Lego City
- Other names: Legoland Legoland Town Lego World City Lego City Center (U.S.) Lego City Centre (UK)
- Sub‑themes: Fire Police Elite Police Forest Police Sky Police Mountain Police Prison Island EMS Swamp Police Train Great Vehicles Diving Demolition Arctic Volcano Space Jungle Mining Racing Stuntz
- Subject: City life
- Licensed from: The Lego Group
- Availability: 1978 (as "Legoland Town")–present
- Total sets: 1476
- Official website

= Lego City =

Lego theme

Lego City is a theme under which Lego building sets are released based on city life, with the models depicting city and emergency services (such as police and fire), airport, train, construction, and civilian services. It evolved from Legoland Town as one of the three original themes that Lego produced upon its launch of the Lego minifigure in 1978 along with Castle and Space, with each of the three themes representing the 'Past' (Castle), 'Present' (Town) and 'Future' (Space). The Town brand was briefly replaced with Lego World City in 2003 and 2004 before it was rebranded as Lego City in 2005.

==Overview==
The Lego City theme traces its origins to Lego Town, a theme introduced with the first minifigures in 1978, when a completely new range of buildings and vehicles were introduced for the European markets, although Lego sets with city buildings and vehicles had been commonplace since the late 1960s.
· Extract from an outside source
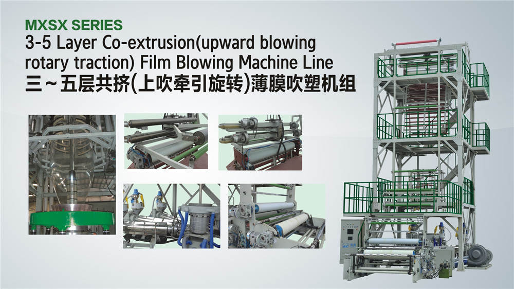 三~五層共擠(上吹牽引旋轉)薄膜吹塑機組為了滿足客戶對高品質、高產吹膜的設備要求,采用了帶有強制進料功能的擠出機、緊密型雙風口風環、水平式旋轉牽引系統、IBC膜泡內冷系統、全自動雙剖雙收表面摩擦收卷機、計算機集中控制系統等先進技術和裝備。與同類設備相比,具有結構緊湊、產量更高、制品質量更好、機器更節能、操作跟簡便等優點,可以廣泛用于各類高透明性包裝薄膜的生產,為您創造可觀的經濟效益。主要技術參數:
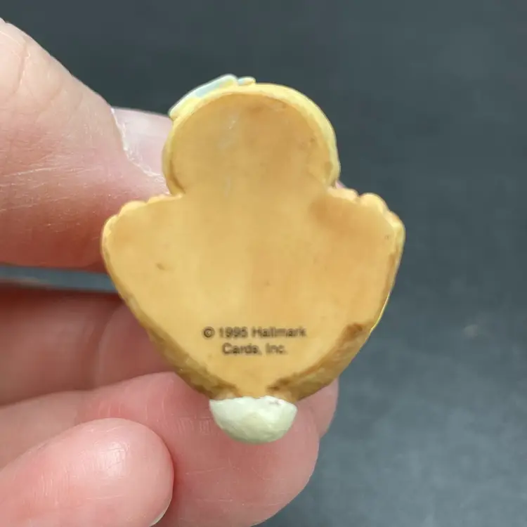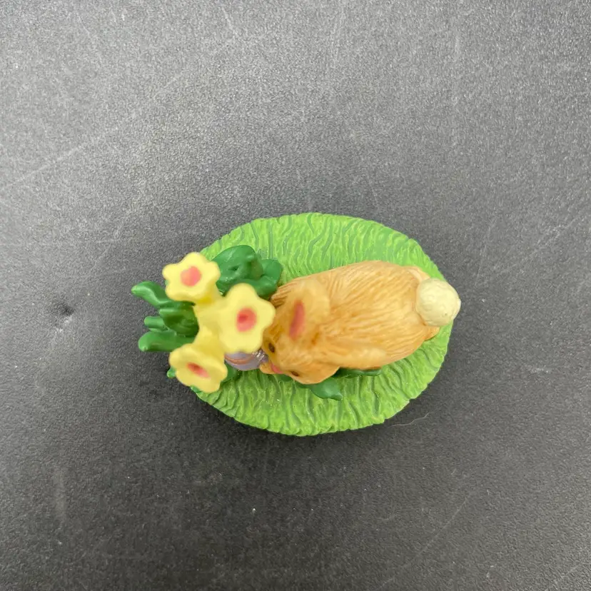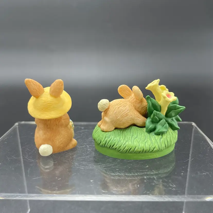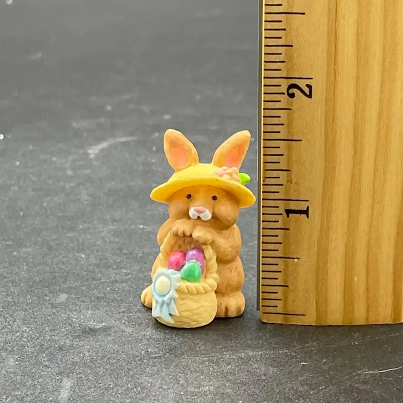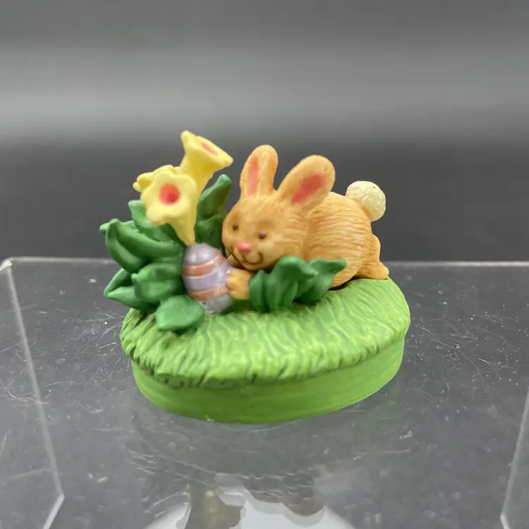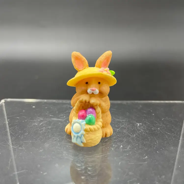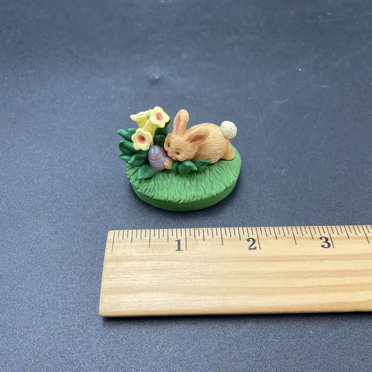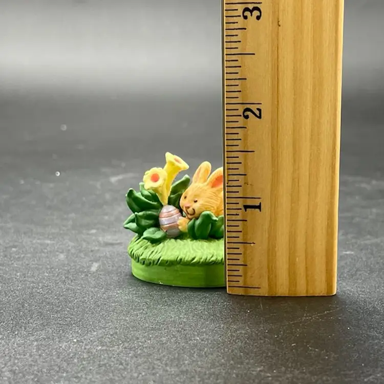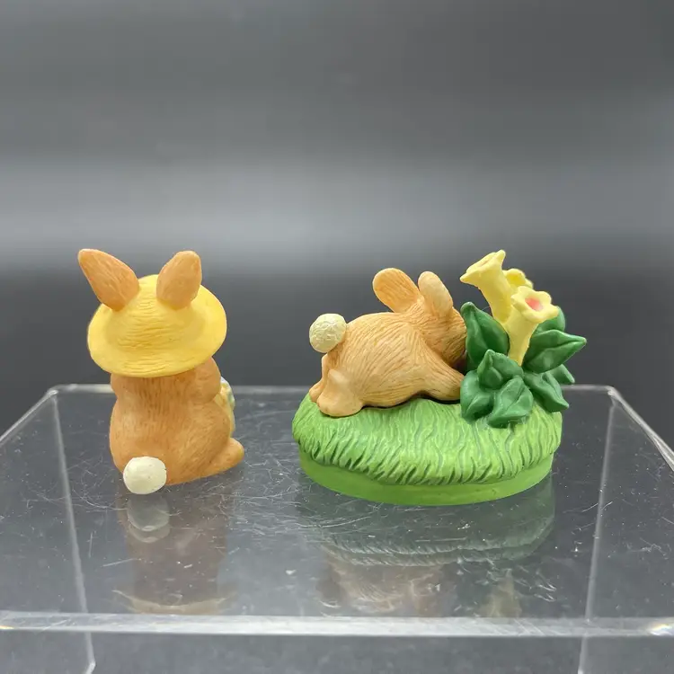 This is a lot of 2 vintage 1995 Hallmark Merry Miniatures Easter figurines including the Blue Ribbon Bunny and the Easter Egg Hunt Bunny. The Blue Ribbon Bunny measures approximately 1.5" tall. The Easter Egg Hunt Bunny measures approximately 1.25" tall. No boxes. No major flaws.

Prior to 1978, Legoland-branded sets were focused mainly around buildings and vehicles which were intended to function more as static models. In 1975, a precursor to the minifigure was introduced, in the same scale but without moving parts. These "stiffs" (as they are nicknamed by Lego enthusiasts) were still unable to ride the vehicles. This was changed with the new minifigures – in 1978 in Europe and 1979 in North America the first vehicles that were minifigure compatible were also released, although some smaller sets still combined the minifigure with model vehicles. In 1980, the Trains theme was completely revamped to complement the Town sets. By 1983, the remaining vehicle based sets that were not minifigure compatible had been discontinued.

All sets were originally released under the "LEGOLAND" label until it was discontinued and replaced with "Lego System" branding in 1991. Eventually, different sub-themes under the "Town" brand were used to tie together related sets, such as police, coast guard, emergency services, airport, road rescue, trains, fire, and harbor. In 1999 Lego Town was replaced by City which was known as Lego City Center in The United States. The theme was discontinued in 2002, and replaced by Lego World City in 2003. During the Christmas season, a City-themed advent calendar set is sold through the online Lego Shop and at retailers.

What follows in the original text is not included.